[Recorded data]
- - - -

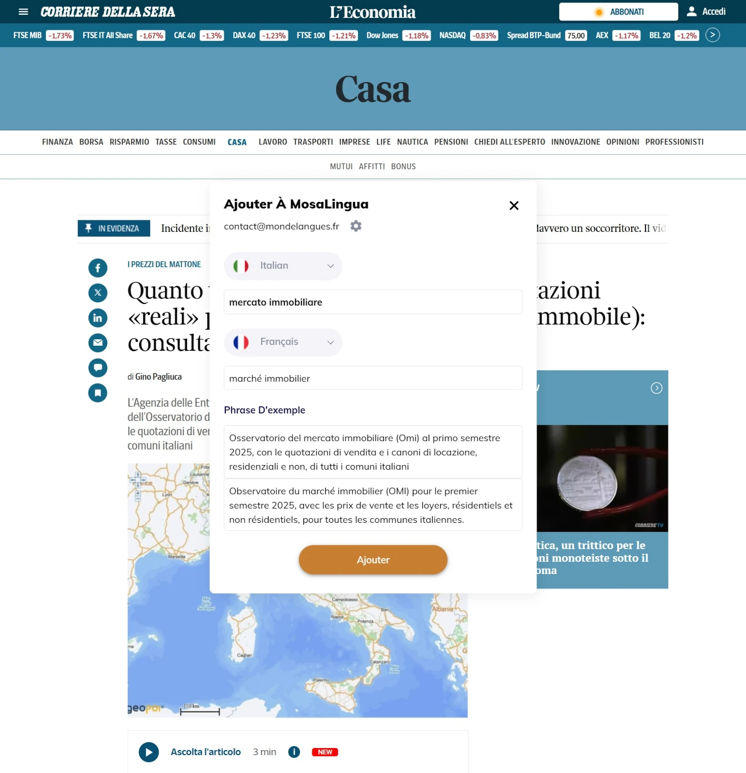 Un exemple d’ajout de carte, sur le site d’un journal italien. Vous pouvez prendre n’importe quel mot (ici, mercato immobiliare) et l’ajouter à vos cartes mémoire, avec la phrase entière pour fournir le contexte.
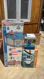 Vendo piscina fuori terra come nuova utilizzata solamente una volta misure 3.66x100 completa di filtro a sabbia piu filtro a cartuccia e skimmer peezzo leggermente trattabile
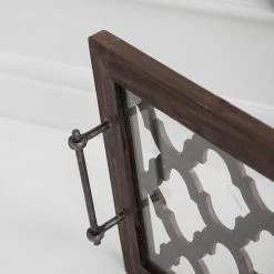 Showcase your traditional style with this brown wood tray on display in your home. This wood and glass tray with metal handles features a quatrefoil pattern to capture attention.
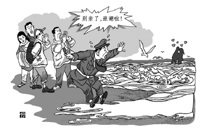 外出游玩,还请注重安全第一。上海渔人码头一个人工沙滩假期时海水涨潮,一对情侣在水中热吻忘记上岸,随后这个视频火了——视频中保安大喊“别亲了,涨潮了”。保安大哥成功成为最抢戏的人。 |
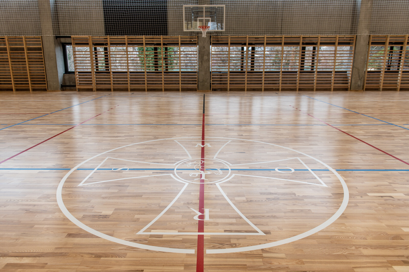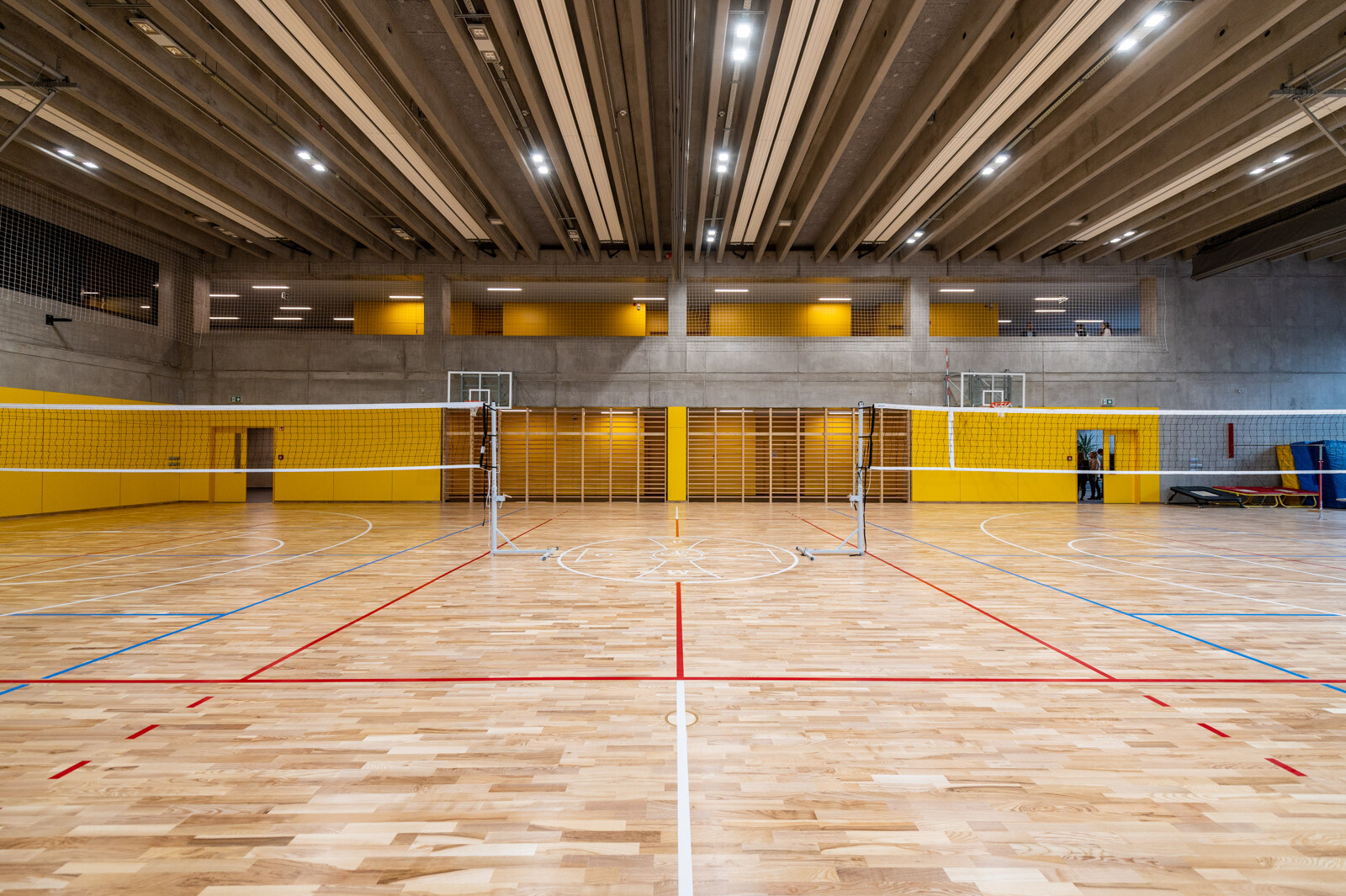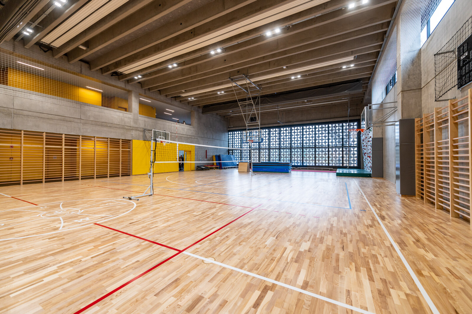 A sportcsarnok földszintjén egy két szint belmagasságú kézilabdapálya, valamint - egymás fölött elhelyezve - két normál belmagasságú edzőterem található. A felső szinten szintén egy - az alsónál nagyobb - sportpálya van, százötven fős lelátóval. A mosdókat, öltözőket, tanári szobákat a földszinten és az első emeleten alakították ki.
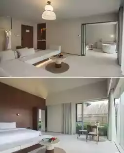 The hotel has only 14 rooms, divided into 8 room types, with an area of 40m and up, each with an independent courtyard design. The bedroom and bathroom are separated into wet and dry areas, and the bathtub is set by the window, with rice fields and distant mountains as the background when taking a bath. Some room types have private viewing platforms where you can enjoy the mountain sunset.
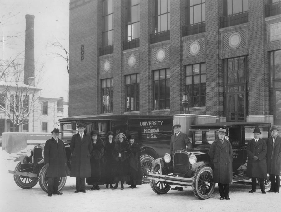 Kelsey and others outside the U-M Library with expedition vehicles donated by Mr. Bloomer and Graham Bros. Kelsey Museum Archives
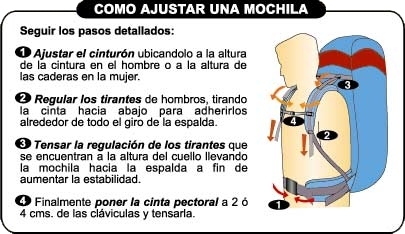 adecuar nuestra mochila (correas, cintas, cinturón) hasta que se adapte
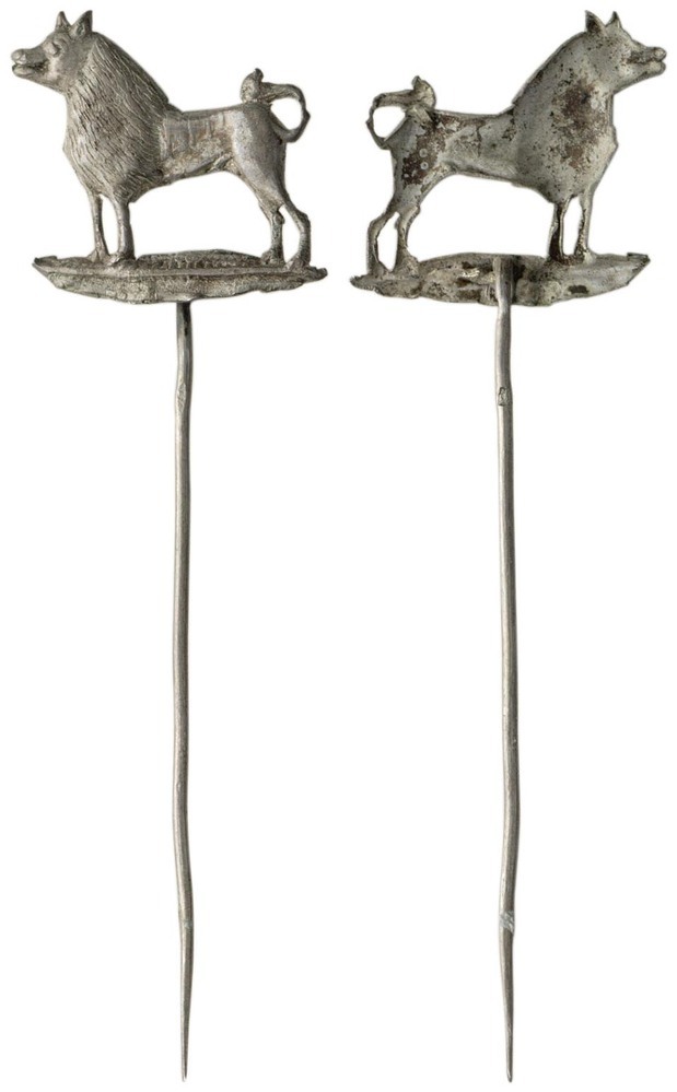voorzijde: ajour bewerkte keeshond naar links op een voetstuk op een lange speld. keerzijde: onbewerkt.- HerkomstSchenking G.A. Heineken, Amsterdam, 1885.
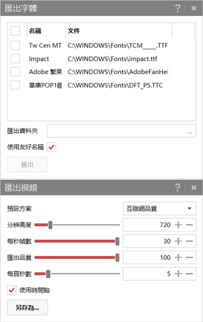 如果要匯出字體就會列出檔案內的所有字體讓你勾選,視頻的話可設定分辨率、品質、每秒幀數、每頁秒數。
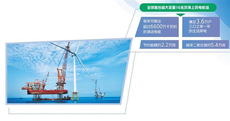 下一步,完成吊装的16兆瓦风电机组将进入并网前的调试和试验阶段,预计在7月上旬并网发电。根据该海域多年测风数据计算,仅这一台机组每年可输出超过6600万千瓦时的清洁电能,满足3.6万户三口之家一年的生活用电,节约标煤约2.2万吨,减排二氧化碳约5.4万吨。
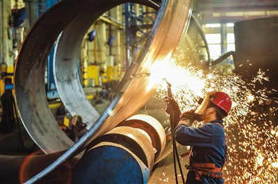 4月18日,河南省洛阳市的中信重工车间内,工人在打磨一批出口的矿用磨机产品。 |

- - - -

TASK STATEMENT
Print the data exactly, from its first line to the line containing "The hotel has", both included. Omit the pictures.

RESPONSE AREA
 Un exemple d’ajout de carte, sur le site d’un journal italien. Vous pouvez prendre n’importe quel mot (ici, mercato immobiliare) et l’ajouter à vos cartes mémoire, avec la phrase entière pour fournir le contexte.
 Vendo piscina fuori terra come nuova utilizzata solamente una volta misure 3.66x100 completa di filtro a sabbia piu filtro a cartuccia e skimmer peezzo leggermente trattabile
 Showcase your traditional style with this brown wood tray on display in your home. This wood and glass tray with metal handles features a quatrefoil pattern to capture attention.
 外出游玩,还请注重安全第一。上海渔人码头一个人工沙滩假期时海水涨潮,一对情侣在水中热吻忘记上岸,随后这个视频火了——视频中保安大喊“别亲了,涨潮了”。保安大哥成功成为最抢戏的人。 |
 A sportcsarnok földszintjén egy két szint belmagasságú kézilabdapálya, valamint - egymás fölött elhelyezve - két normál belmagasságú edzőterem található. A felső szinten szintén egy - az alsónál nagyobb - sportpálya van, százötven fős lelátóval. A mosdókat, öltözőket, tanári szobákat a földszinten és az első emeleten alakították ki.
 The hotel has only 14 rooms, divided into 8 room types, with an area of 40m and up, each with an independent courtyard design. The bedroom and bathroom are separated into wet and dry areas, and the bathtub is set by the window, with rice fields and distant mountains as the background when taking a bath. Some room types have private viewing platforms where you can enjoy the mountain sunset.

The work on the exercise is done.